Transformers: Project: Gather summarization datasets and try to replicate pegasus results on them

Created on 7 Oct 2020  路  34Comments  路  Source: huggingface/transformers

Dear @stas00 and whoever else is willing to help!

So far I have only checked pegasus' rouge scores on 2/12 datasets for which we have checkpoints.
For the other 10 datasets I either haven't tried or have tried briefly and gotten stuck.

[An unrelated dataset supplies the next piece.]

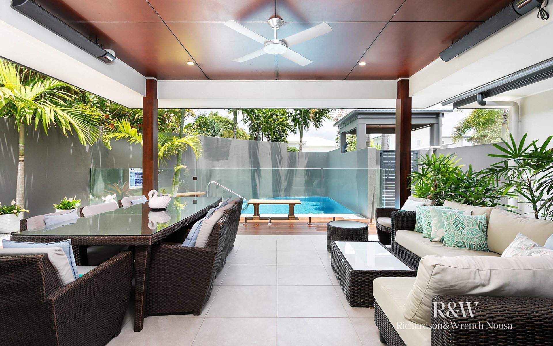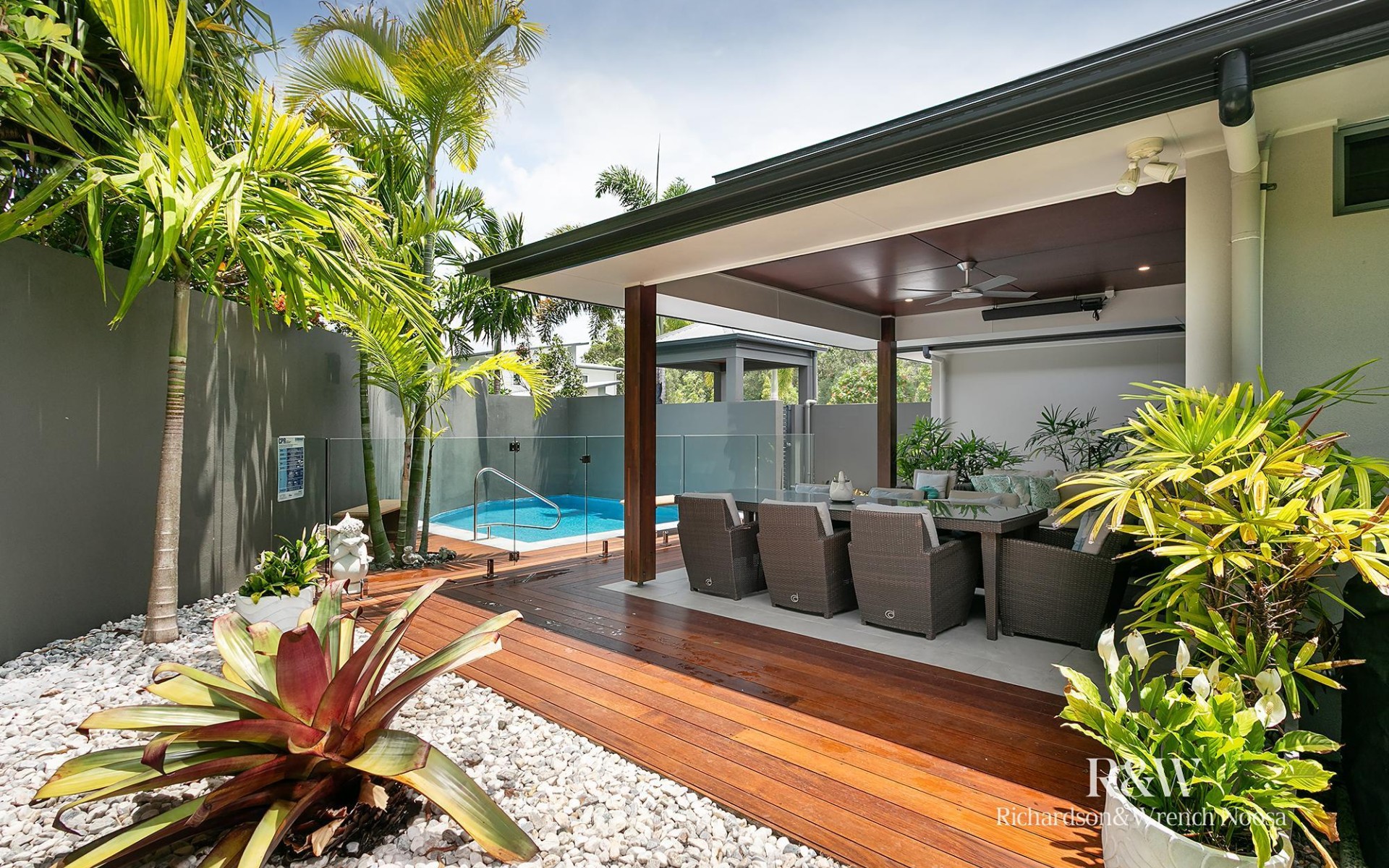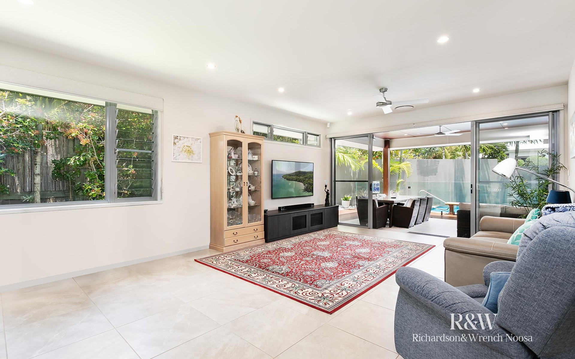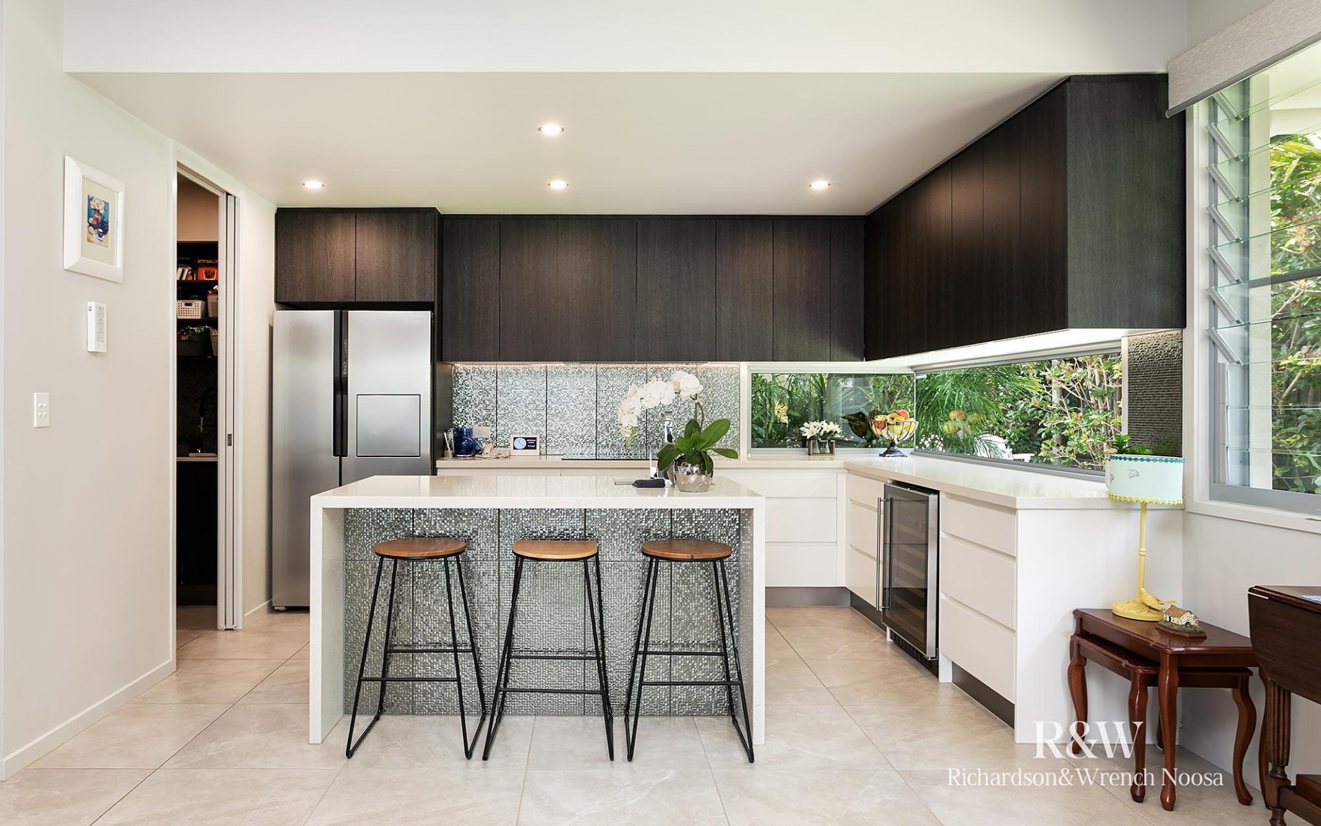 Moving inside, you will find a spacious and open-plan kitchen, dining and living zone that connects effortlessly to the alfresco. A host's dream, you can cook up a storm with a butler's pantry, an island and quality appliances while air-conditioning, ceiling fans and louvre windows promise absolute comfort, no matter the weather outside.

The full scope of the project is that:
for each dataset:

1) There is an automated way to download the data, either from S3 or source. (To the extent possible, much of the logic in this script should eventually live in the datasets package).
2) we know our pegasus implementation's rouge score
2b) if our score is very different than the authors', we know whether that difference is due to data preprocessing, and if it is, we can preprocess the dataset similarly to the pegasus authors.
3) Our rouge score is within 0.3 Rouge2 of the reported. (Authors) column below.

Steps

Getting Data

By far the most difficult part of each project is getting the dataset. And giving up quickly if you can't and writing a github issue somewhere.
I tried 1 approach to getting data: this script
It worked for gigaword, I just haven't done the evaluation, but it failed for aeslc and then I gave up.

Another complementary approach would be to try to directly use the pegasus dataset code

This will likely push preprocessing issues towards the back of the project. (when we try to send PRs to the datasets repo), but might be better than using my script.

After you get data

When you have gotten a dataset you can sanity check

python -m torch.distributed.launch --nproc_per_node=2  run_distributed_eval.py \
    --model_name google/pegasus-large $\  # see note 1
    --save_dir xsum_generations \
    --data_dir xsum \
    --prefix test \
    --n_obs 100 \

Note 1: you can just keep running pegasus-large and expect a high single digits or better rouge2 score,to avoid downloading all the checkpoints or, you can change this to the relevant checkpoint.
Note 2: I am happy to run all the evals on newer hardware, very easy for me.
Note 3: We can do data sharing by getting you aws creds, or some other solution. Key is that I can download from command line, e.g. Google Drive + gdown.

Misc thoughts:

  • arxiv and pubmed are listed under scientific_papers in the datasets package.
  • This is really 10 projects (1 each dataset, 2 of which I've started). If I were you I would ignore the started 2 and start on a few other ones.
  • If a dataset only has train/test or train/val or some other splits, see how the pegasus authors did the split.
  • Partial credit is valuable!
  • this could easily have been an issue for the datasets project rather than the transformers project.
  • There is no reason to merge PRs quickly for this project, but eventually we want a (much better) download_summ_dataset.py script or instructions for using other libs to accomplish the same outcome.
  • Will be good for both of us to learn the datasets internals.
  • Raw Billsum has multiple line articles, which breaks everything :( , (we could try to support raw nlp datasets in our DataLoader)

Here is a copy of the table we are trying to fill out in #6844 : (I made a new issue to avoid spamming that one)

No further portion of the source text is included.